Volcanic activity, terrestrial erosion and PZE are inherently related during mass extinctions, as PZE was typically stimulated by global warming and enhanced terrestrial nutrient inputs, which were often triggered by volcanism. To understand the relationships between volcanic activity, terrestrial erosion and PZE and their effects on Hg isotope signatures in sedimentary rocks, we develop a fully-coupled deep-time Hg isotope box model that considers both Hg sources and processes. We apply this model to examine the cause of Hg isotope variations in sedimentary strata during the EPME. Our modelling suggests that while large-scale volcanism remains the main driver of widespread Hg enrichment, the negative shifts of Hg odd-MIF across the EPME cannot be fully explained by direct volcanism or terrestrial erosion as proposed previously. Instead, these negative shifts of odd-MIF are best explained by Hg isotope fractionations driven by PZE in coastal and open oceans. In addition, there exists a ~40 kyr time lag between the largest negative shift of odd-MIF and the spike of Hg enrichment in Meishan (GSSP) and many other marine sections, which was unexplained previously. Our model shows that PZE may lag behind the onset of volcanic eruptions and terrestrial erosion, thus further supporting PZE as the main driver of the negative shift of Hg odd-MIF in addition to terrestrial erosion across the EPME.

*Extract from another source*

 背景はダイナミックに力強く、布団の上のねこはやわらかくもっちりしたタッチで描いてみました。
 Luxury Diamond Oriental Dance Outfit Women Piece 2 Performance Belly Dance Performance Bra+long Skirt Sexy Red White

Our model sets the stage for the application of Hg isotopes as a powerful tool in tracing the co-evolution of ocean redox conditions and life
Our model indicates that the influence of PZE and potentially other ocean redox conditions on sedimentary Hg isotope signatures should be carefully evaluated in paleoenvironmental studies in addition to terrestrial erosion and volcanism. These three factors could operate in a combined and interactive way to cause sedimentary Hg enrichment and Hg isotope shifts. Our study also highlights that numerical model that fully couples Hg cycling and Hg isotope fractionation could help elucidate the complex relationships among volcanic activity, terrestrial weathering, and marine redox processes, and thus is a valuable approach for studying Hg cycling in deep time.

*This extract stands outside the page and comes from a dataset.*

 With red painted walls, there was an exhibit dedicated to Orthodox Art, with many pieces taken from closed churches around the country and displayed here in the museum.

There are still many unanswered questions in the application of Hg isotopes in paleoenvironmental studies, such as the fractionation mechanisms of Hg isotopes in different redox settings, and the influence of diagenesis on sedimentary Hg enrichment and Hg isotope signatures, which should be investigated in the future. Nevertheless, our novel model reinforces the hypothesis that PZE acted as a key kill mechanism for the EPME, and paves the way of quantifying the effects of volcanism, terrestrial erosion, and ocean redox conditions on Hg isotope variations in deep time, which are critically important for the application of Hg isotopes in reconstructing the co-evolution of environment and life.

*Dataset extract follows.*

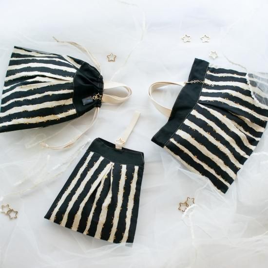 写真ではあまり分かりませんが、星のプリント、縫い糸、持ち手の飾り縫い、全てラメが入っているのでキラキラしていてとても可愛いです。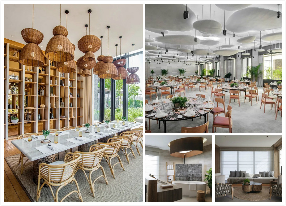 三亞海棠灣陽光壹酒店1 Hotel擁有294間面積達62至1,300平方米的客房、套房及復式別墅。回歸自然、簡約原始的設計風格,巧妙搭配多種未經(jīng)拋光的當?shù)靥烊皇暮湍静?,打造渾厚多元的紋理及細膩和諧的配色,輔以原木打造的凳子、書桌、藤編地毯、融進自然的定制藝術品以及有機棉裝飾等,純粹而時尚。

A Simple Illustration of the Modelling Output. The inclusion of marine PZE could well reconcile Hg isotope variations in marine and terrestrial strata across for the EPME. Both PZE and terrestrial erosion cause negative shifts (-) of odd-Hg MIF in marine waters, potentially explaining the negative shifts of odd-Hg MIF in most marine strata. PZE and terrestrial erosion cause a positive (+) and negative shift (-) of odd-Hg MIF for atmospheric Hg pools, respectively, potentially explaining the diverse ( positive, negative or unclear) shifts of odd-Hg MIF in terrestrial strata. Ο indicates that the isotope shifts are unclear, which are likley significant at a local/region scale but insignificant at a global sacle.